Professors Robert G. Jahn and Brenda Dunne of the Princeton Engineering Anomallies Research Lab.
No matter how boring and unimaginative you are, you’ve probably fantasized about having superpowers. The idea of rising above it all and being able to fly, or control objects with your mind, firmly squishes everyone’s universal daydream g-spot.
This collective childhood fantasy culturally manifests itself in everything whether you’re talking about comics, television, religion, folklore, or film. Unfortunately, if you start believing you have superpowers IRL, people will think you’re insane.
That’s exactly what people think of Brenda Dunne, a researcher based out of Princeton University. Along with her team of researchers she’s been testing (and according to her, finding evidence for) parapsychological phenomena for 35 years. She joined the Princeton Engineering Anomalies Research—PEAR—lab in 1979 with the intention of testing things like “human/machine anomalies” (basically mind control of computers) and remote viewing (visualizing things from separate locations).
The lab, which turned into International Consciousness Research Laboratories in 2007, reported finding something fascinating. The results from millions of trials at PEAR showed a slight, but statistically significant effect. That is, with a 4/1000 chance of coincidence, the population they tested showed a small ability to control computers with their minds, and visualize things in a different location.

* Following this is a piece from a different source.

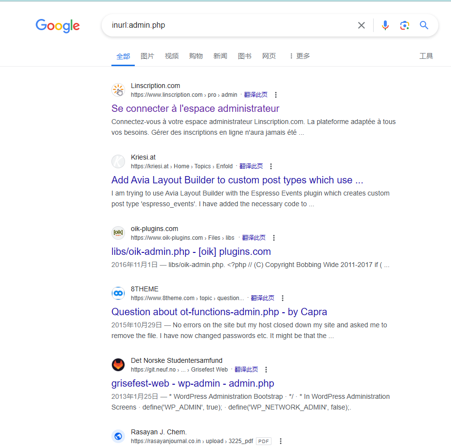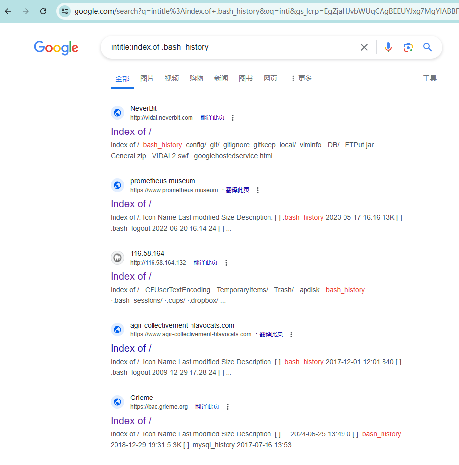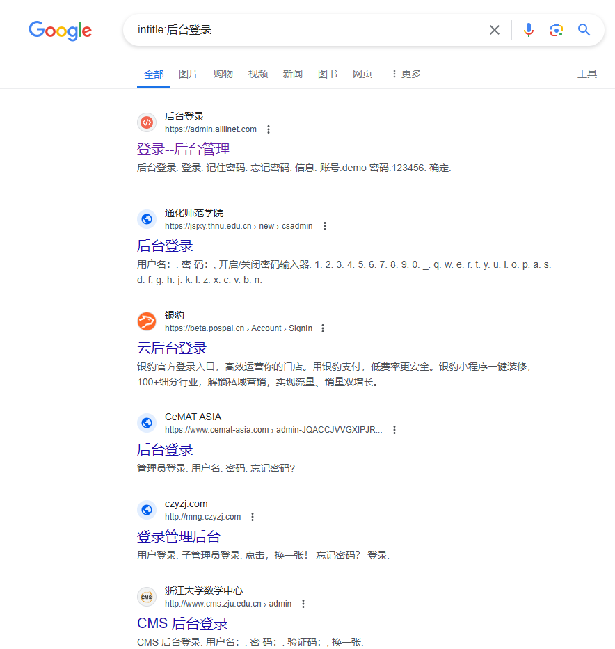 被动信息收集方式是指利用第三方的服务对目标进行访问了解,例:Google搜索

Perhaps because the premise and the findings of PEAR seem so ridiculous, nobody in the scientific community has really ever taken them seriously. But when I read about the project, I was intrigued. People have brought up some possible methodological flaws, but with the Ivy League pedigree these researchers have, I can’t help but wonder if some of the criticisms are unwarranted. Wanting to find out more, I reached out to Brenda to chat about her hard-to-believe research.
VICE: Hi Brenda. Could you tell me a little bit about how the PEAR Lab started, and how you got involved with it?Brenda Dunne: At Princeton University in the late 1970s, an undergraduate student created a computer that made random numbers and began experimenting with it for a class project. The project, which tested the influence of people’s thoughts on the computer, was supervised by distinguished aeroscientist and professor Robert G. Jahn. Prof. Jahn saw some interesting things that he couldn’t ignore as an engineer. So he set up a small research program in a storage space at Princeton University. He interviewed a number of people, finally hired me, and PEAR Lab was born. My background is in psychology and the humanities, so along with Professor Jahn, we brought a multidisciplinary perspective to the whole thing.
What exactly were you testing?
The basic question we asked was: does consciousness, does the mind, the spirit, life force, have the ability to influence the underlying probabilities of physical systems?
There were two main bodies of experiments. The first was called Human Machine Anomalies. People interacted with various devices that were based on a random process, to see if the human operators’ intentions could affect the way the device produced its output. So the computer would be producing some random sequence of numbers or patterns and we’d say, “We want you to try to try to influence it this way, to alternately produce higher or lower numbers, or to make the balls bounce in this direction just with your thoughts.”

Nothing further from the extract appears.